▶ What you will do: Copy out the data word for word. The images are not part of the copy.

Excerpts from a dataset:

-*-*-

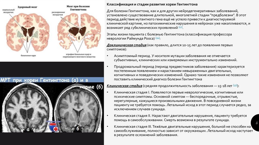 Классификация и стадии развития хореи ГентингтонаДля болезни Гентингтона, как и для других нейродегенеративных заболеваний,
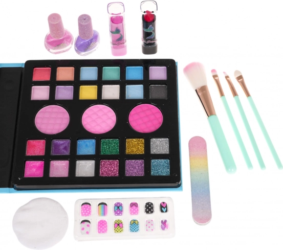 Objevte pestrý svět barev se sadou Sněžná princezna – ideální pro malé milovnice líčení a kreativní hry. V rozkládacím boxu se zrcátkem najdete vše od očních stínů a lesků, přes laky a samolepící nehtíky až po štětce a pomůcky. Všechny produkty jsou jemné k pokožce a snadno se odličují.
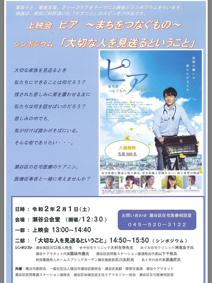 瀬谷区では、医師会、在宅医療相談室、訪問看護連絡会、地域包括主任ケアマネジャー部会、ケアマネットの方々が中心になり、企画・運営される会が時々開催されます。次回は、2月1日に「ピアまちをつなぐもの」という映画の上映会が瀬谷公会堂で行われます。この後休憩時間をはさんで「大切な人を見送るということ」というシンポジウムが予定されていますが、私がシンポジストとして参加致します。お時間がありましたらお越しください。
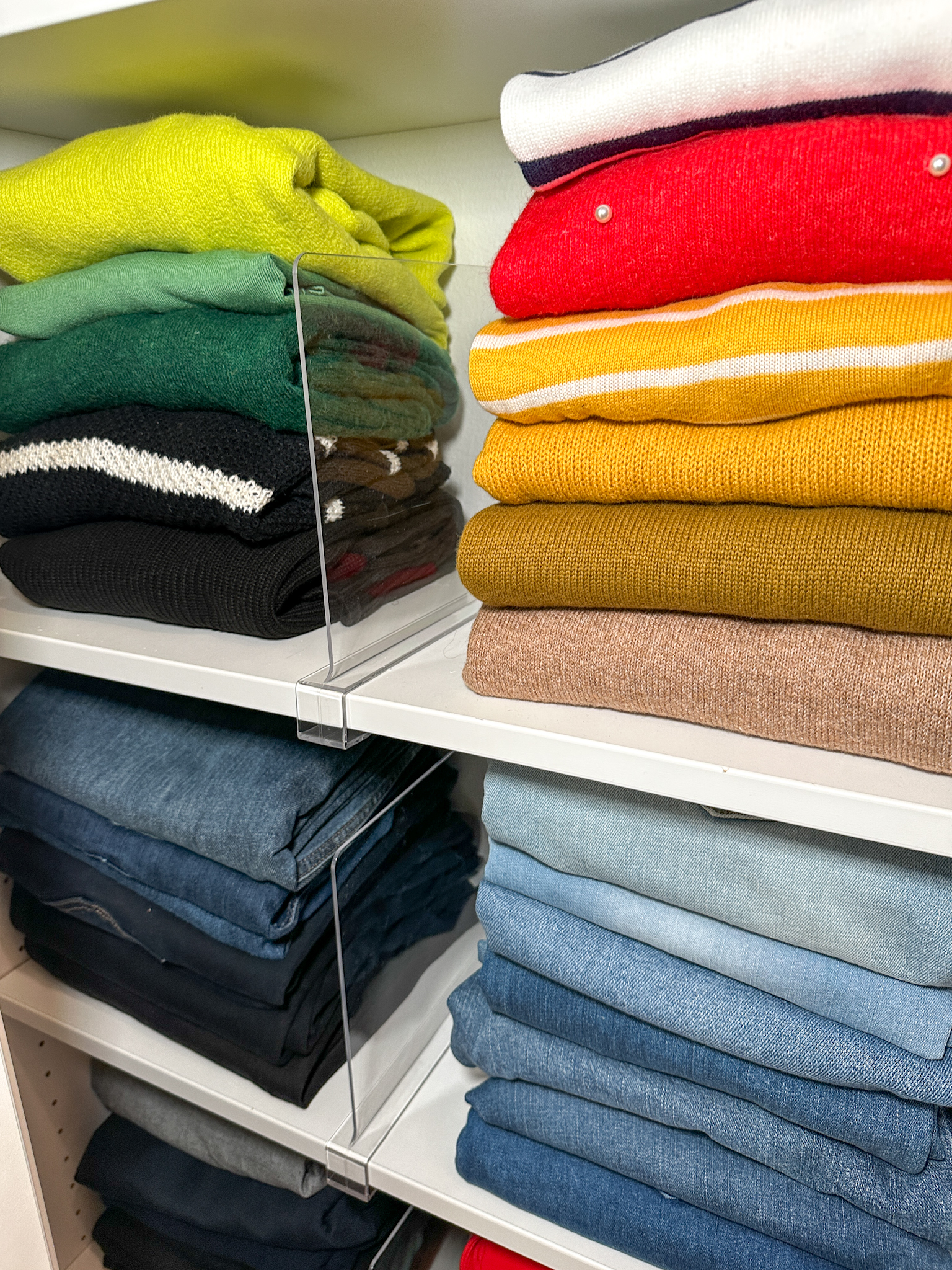 I purchased clear acrylic shelf dividers for handbags and folded clothes. At first, I didn’t think they would make much of a difference, but I was pleasantly surprised. The purse organizer offers support for both my structured and non-structured bags to help them stand upright. The acrylic shelf dividers are perfect for my folded clothes, like denim jeans and sweaters. And, I love that if I want to fit more on my shelves, it will keep everything pretty and organized.
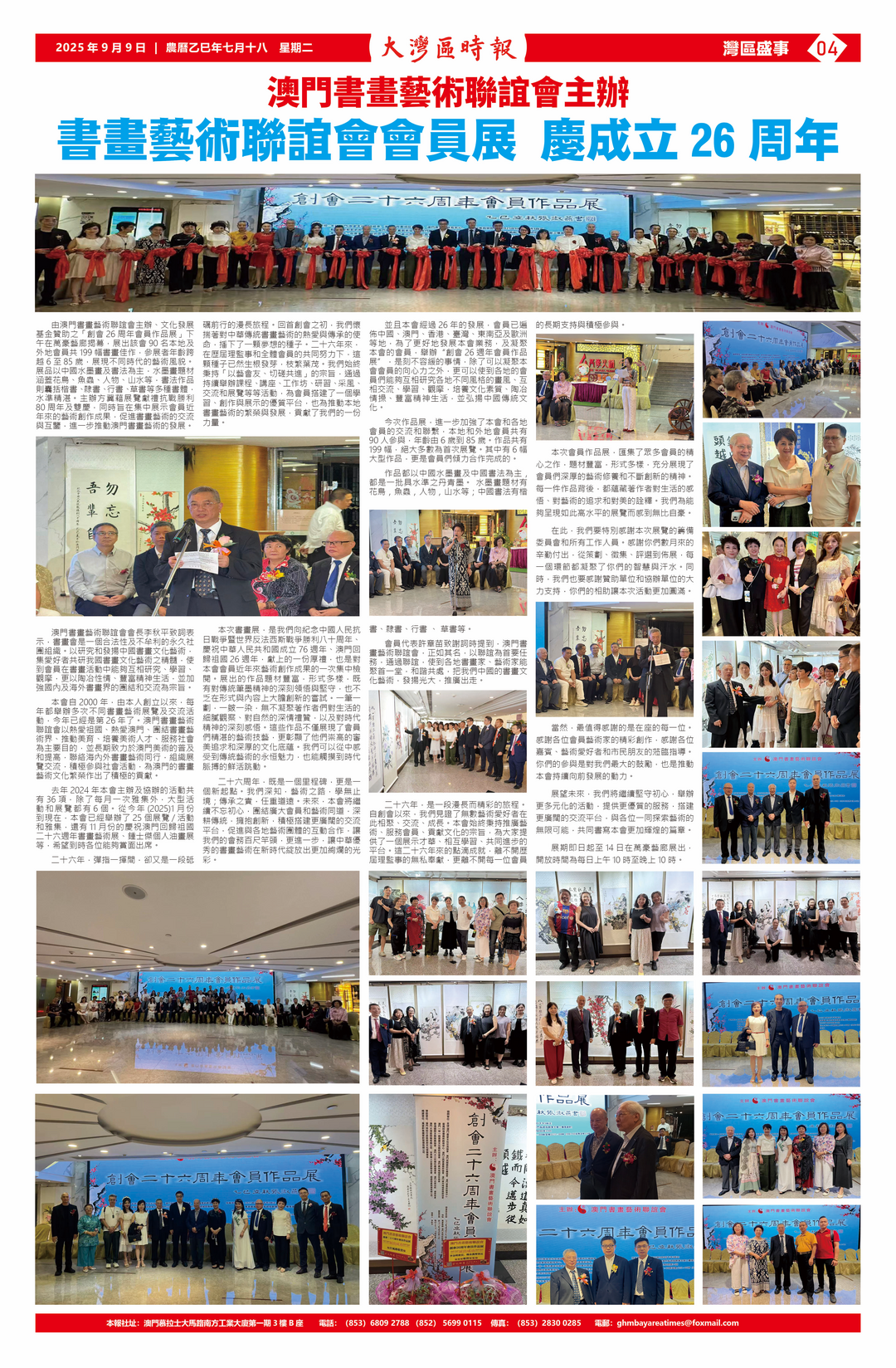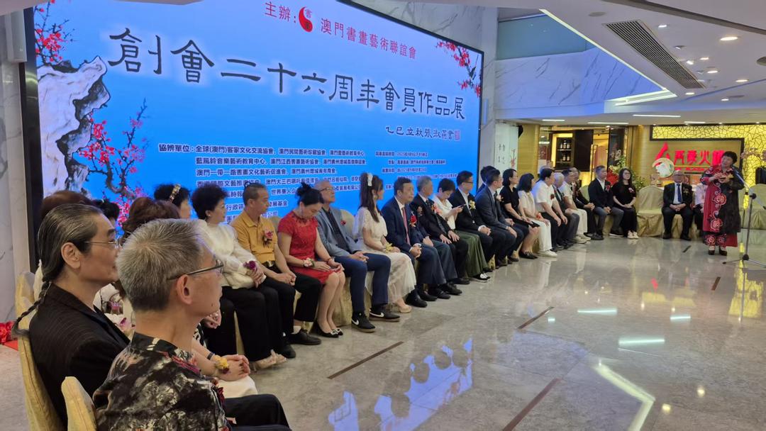 (大灣區時報澳門訊,記者李翔、攝影/黃傑華、 林康桂報道)由澳門書畫藝術聯誼會主辦、文化發展基金贊助之「創會26周年會員作品展」9日下午在萬豪藝廊揭幕,展出該會90名本地及外地會員共199幅書畫佳作,參展者年齡跨越6至85歲,展現不同時代的藝術風貌。展品以中國水墨畫及書法為主,水墨畫題材涵蓋花鳥、魚蟲、人物、山水等,書法作品則囊括楷書、隸書、行書、草書等多種書體,水準精湛。主辦方冀藉展覽獻禮抗戰勝利80周年及雙慶,同時旨在集中展示會員近年來的藝術創作成果,促進書畫藝術的交流與互鑒,進一步推動澳門書畫藝術的發展。
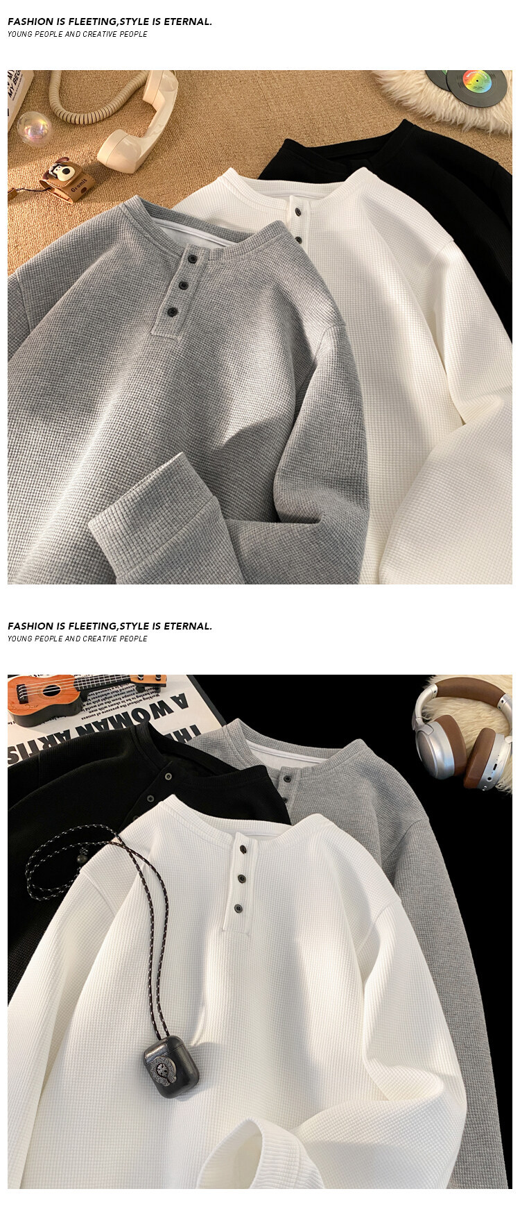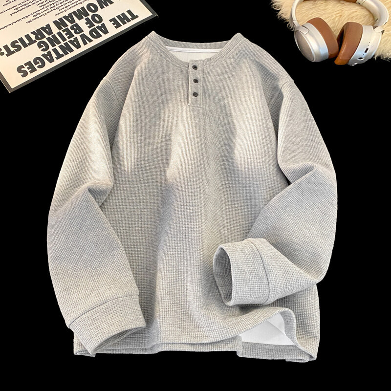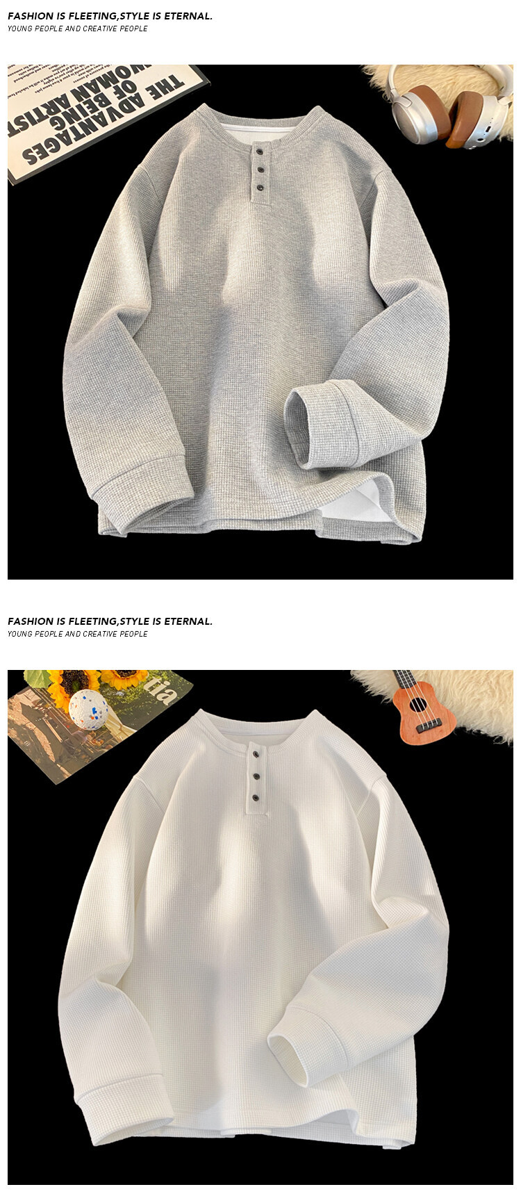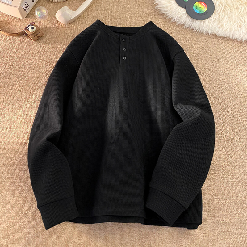 와플릭 긴팔 티셔츠 일본 레트로 소년 가을과 겨울 기모 두꺼운 느슨한 플러스 사이즈 베이스 셔츠스토어 가기
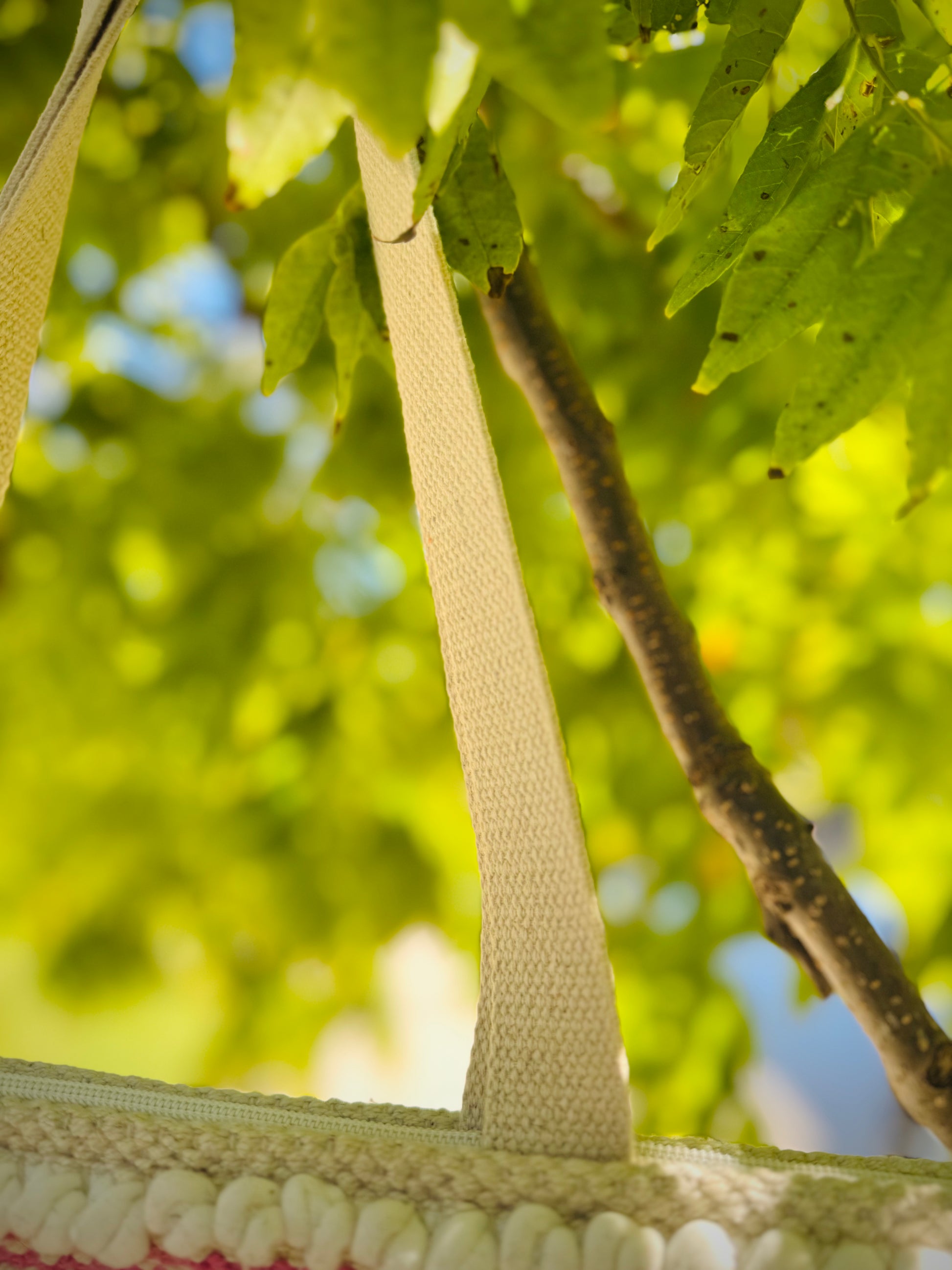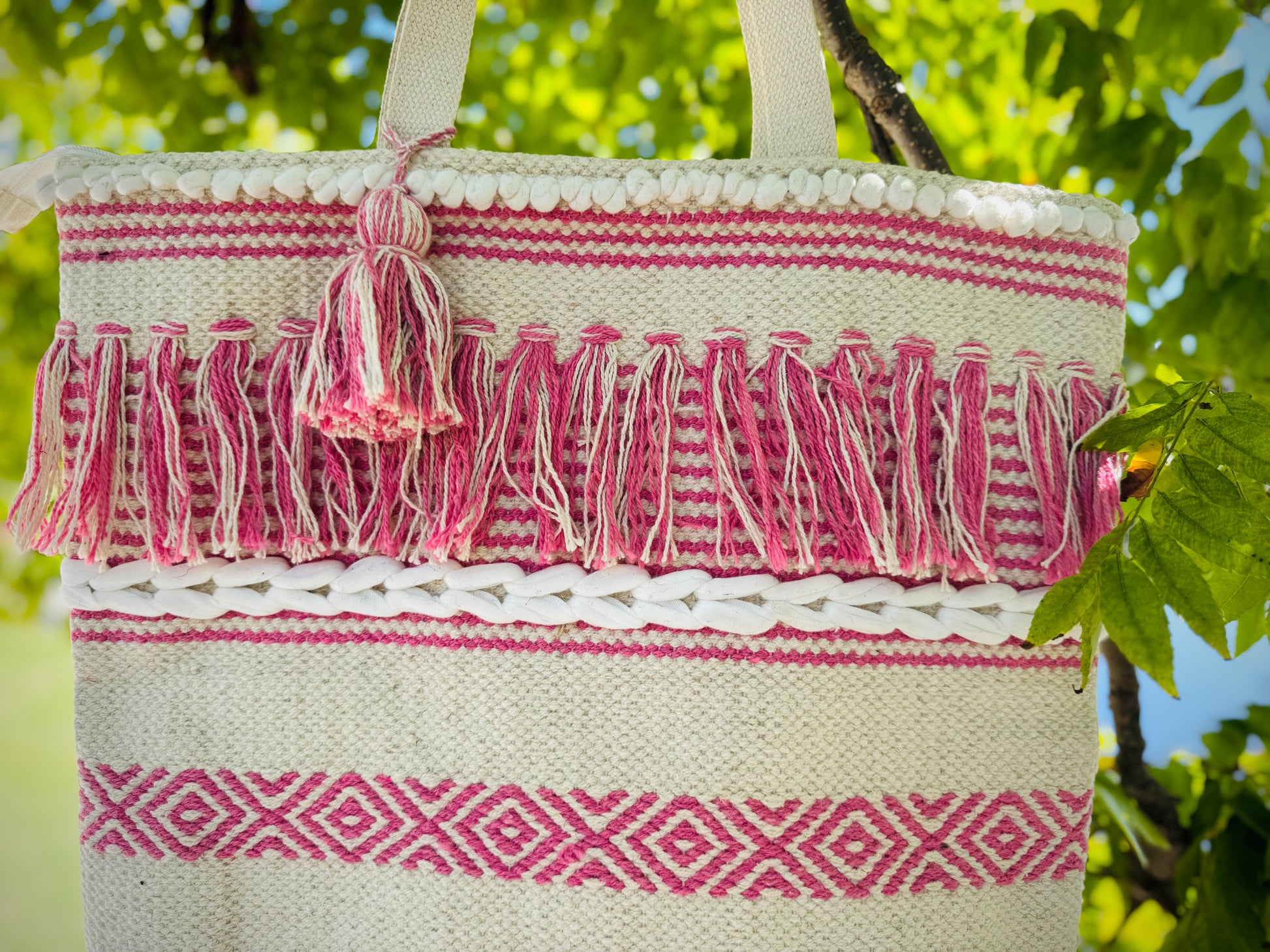 Choose a bag that's kind to the planet, gentle on your shoulders, and a joy to behold. This eco-friendly, handmade cotton tote in its cheerful pink and white is more than just an accessory – it's a conscious choice for style and sustainability.

-*-*-

▶ Task solution:
 Классификация и стадии развития хореи ГентингтонаДля болезни Гентингтона, как и для других нейродегенеративных заболеваний,
 Objevte pestrý svět barev se sadou Sněžná princezna – ideální pro malé milovnice líčení a kreativní hry. V rozkládacím boxu se zrcátkem najdete vše od očních stínů a lesků, přes laky a samolepící nehtíky až po štětce a pomůcky. Všechny produkty jsou jemné k pokožce a snadno se odličují.
 瀬谷区では、医師会、在宅医療相談室、訪問看護連絡会、地域包括主任ケアマネジャー部会、ケアマネットの方々が中心になり、企画・運営される会が時々開催されます。次回は、2月1日に「ピアまちをつなぐもの」という映画の上映会が瀬谷公会堂で行われます。この後休憩時間をはさんで「大切な人を見送るということ」というシンポジウムが予定されていますが、私がシンポジストとして参加致します。お時間がありましたらお越しください。
 I purchased clear acrylic shelf dividers for handbags and folded clothes. At first, I didn’t think they would make much of a difference, but I was pleasantly surprised. The purse organizer offers support for both my structured and non-structured bags to help them stand upright. The acrylic shelf dividers are perfect for my folded clothes, like denim jeans and sweaters. And, I love that if I want to fit more on my shelves, it will keep everything pretty and organized.
 (大灣區時報澳門訊,記者李翔、攝影/黃傑華、 林康桂報道)由澳門書畫藝術聯誼會主辦、文化發展基金贊助之「創會26周年會員作品展」9日下午在萬豪藝廊揭幕,展出該會90名本地及外地會員共199幅書畫佳作,參展者年齡跨越6至85歲,展現不同時代的藝術風貌。展品以中國水墨畫及書法為主,水墨畫題材涵蓋花鳥、魚蟲、人物、山水等,書法作品則囊括楷書、隸書、行書、草書等多種書體,水準精湛。主辦方冀藉展覽獻禮抗戰勝利80周年及雙慶,同時旨在集中展示會員近年來的藝術創作成果,促進書畫藝術的交流與互鑒,進一步推動澳門書畫藝術的發展。
 와플릭 긴팔 티셔츠 일본 레트로 소년 가을과 겨울 기모 두꺼운 느슨한 플러스 사이즈 베이스 셔츠스토어 가기
 Choose a bag that's kind to the planet, gentle on your shoulders, and a joy to behold. This eco-friendly, handmade cotton tote in its cheerful pink and white is more than just an accessory – it's a conscious choice for style and sustainability.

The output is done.